For centuries, warfare has largely ignored civilians. The object of combat was to get at the enemy troops and defeat them. But as events of the past century have shown, the enemy troops often hide among a sea of civilians. The communist guerilla tactics were deliberately based on using civilians as sources of information, support, recruits and cover. Attacking into a heavily populated area presents troops with pitfalls and opportunities. Unfortunately, hardly any troops anywhere are trained to deal with civilians in a combat zone. Part of the problem is resources. Where do you get hundreds of people to act, realistically, as local civilians? Some units have tried to improvise. Soldiers are rounded up to wear civilian clothes and role play as best they can. Sometimes, civilians near a military base are asked to volunteer and participate in some training exercises. One solution will probably come from army and marine wargame development operations, where there are already some simulations that include extensive interaction with civilians. But this merely points out the complexity of the situation. Fighting amongst all these civilians shows the need for interpreters, civil affairs troops and an intelligence effort that examines enemy civilians as well as military units. In the past, civilians were seen as a nuisance, something to just brush away so you could get on to the serious business of fighting. 

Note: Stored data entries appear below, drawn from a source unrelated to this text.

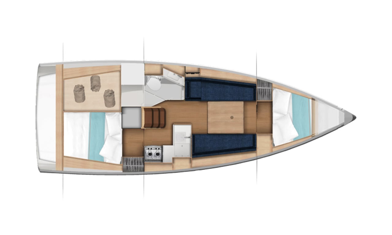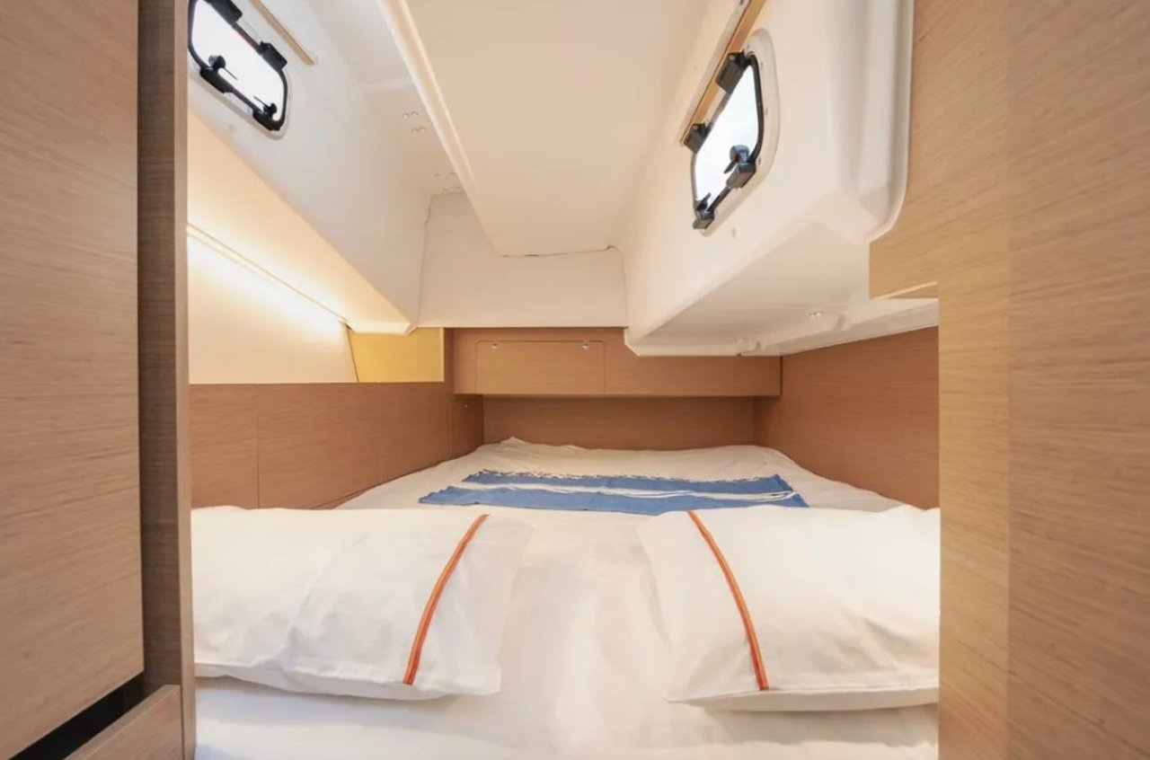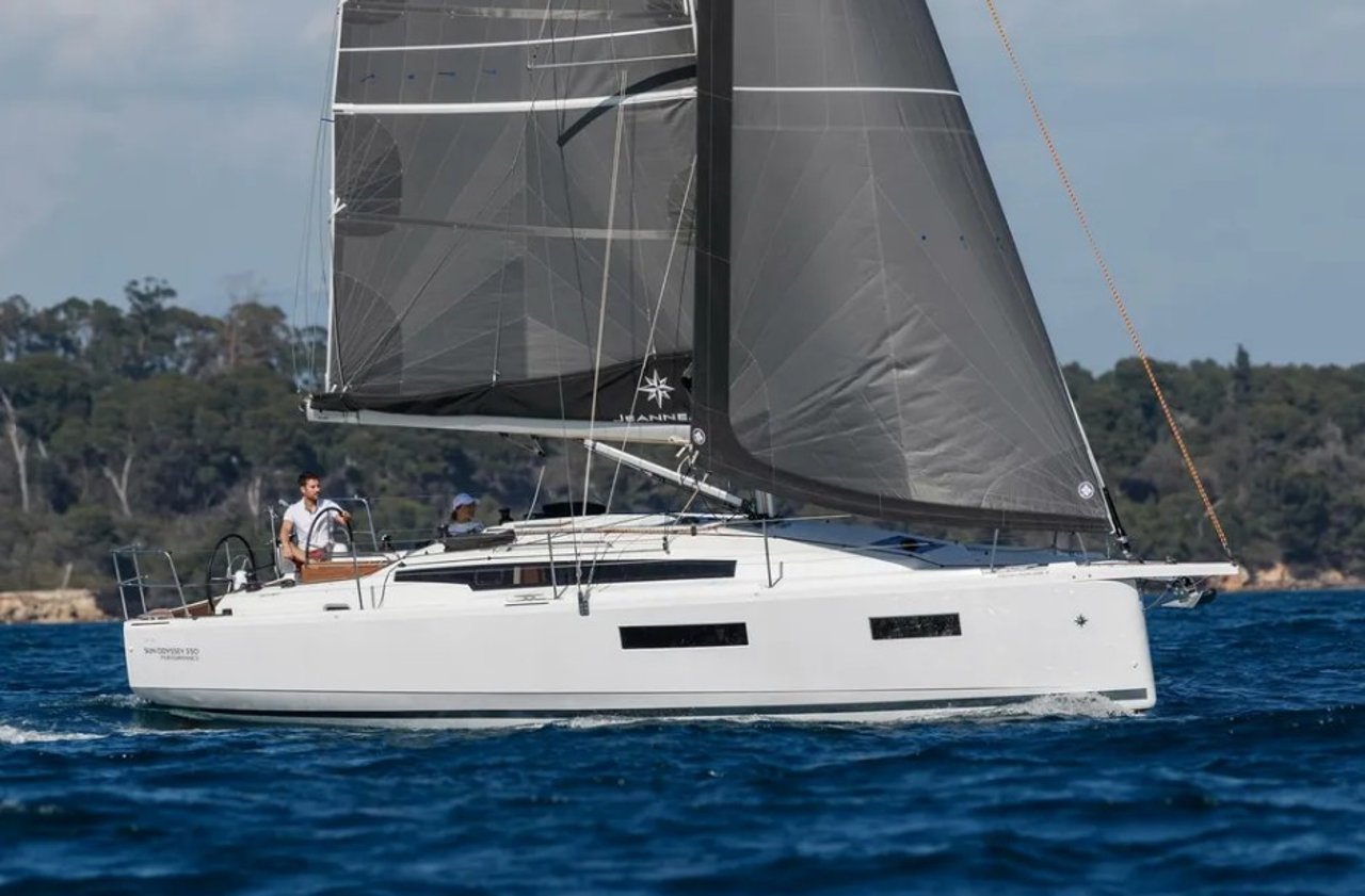 Brand-new 2025 model • Successor to the award-winning Sun Odyssey 349 • Designed by Marc Lombard • Walkaround side decks • Twin off-centered helms • Spacious saloon • Large aft head with separate shower • Forward and aft double cabins • Bright interior • Yanmar 29hp engine • Fold-down swim platform • 2-burner stove, fridge & freezer • Wood inlay & twin wheels • Full-batten mainsail & self-tacking jib • High coamings for added safety at sea
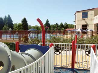 The Oak Brook Park District, serving the thriving community of Oak Brook west of Chicago in Illinois, wanted to create a world-class play environment that included play equipment and a splash pad as an extension of its indoor pool facility. It was to be exciting for children and comfortable for adults, while incorporating a nautical or nature-related theme and enhancing accessibility. At this stage, the part district was open to design ideas and had the resources to execute a large-scale project as part of the overall expansion and enhancement of the community center facility.
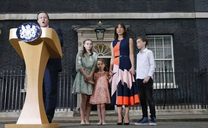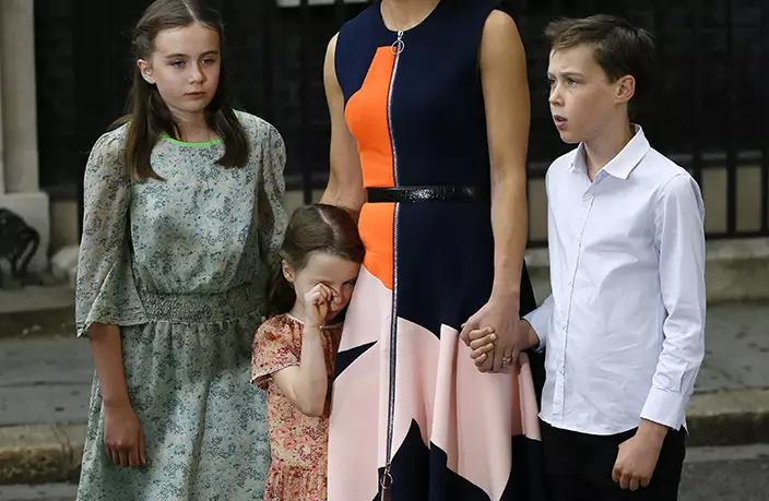 卡梅倫和太太拖著3名子女向國民道別揮別首相生涯。卡梅倫的臨別感言固然感人,但鏡頭的另一個焦點卻落在在首相府出生,今年5歲的小女兒Florence身上。
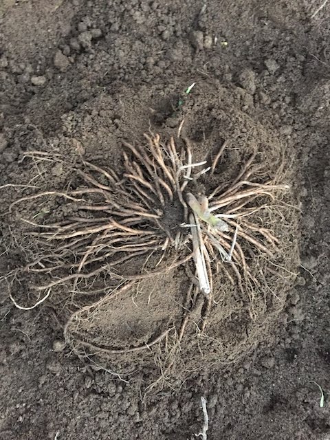 | この頃までは出て来た芽を全て収穫していたので、ほとんど茎葉が見えない。 |

Without full realizing it, the United States has actually been in the forefront of developing new ways to deal with civilians on the battlefield, and has been doing so for half a century. This has been done via the U.S. Army Special Forces. Organized to deal with friendly civilians deep in enemy territory, Special Forces also controlled Civil Affairs and psychological warfare operations. You can see where this is leading; incorporating Special Forces functions in regular combat units. This is already happening, somewhat informally. The Department of Defense has announced that Special Operations Troops (Special Forces, commandos, Civil Affairs and Psychological Warfare) troops are a higher proportion of the troops involved than any earlier war. With the exception of Afghanistan, which was righting seen as almost entirely a Special Operations war in the first few months. The new ideas are catching on, and thus so is the future of warfare.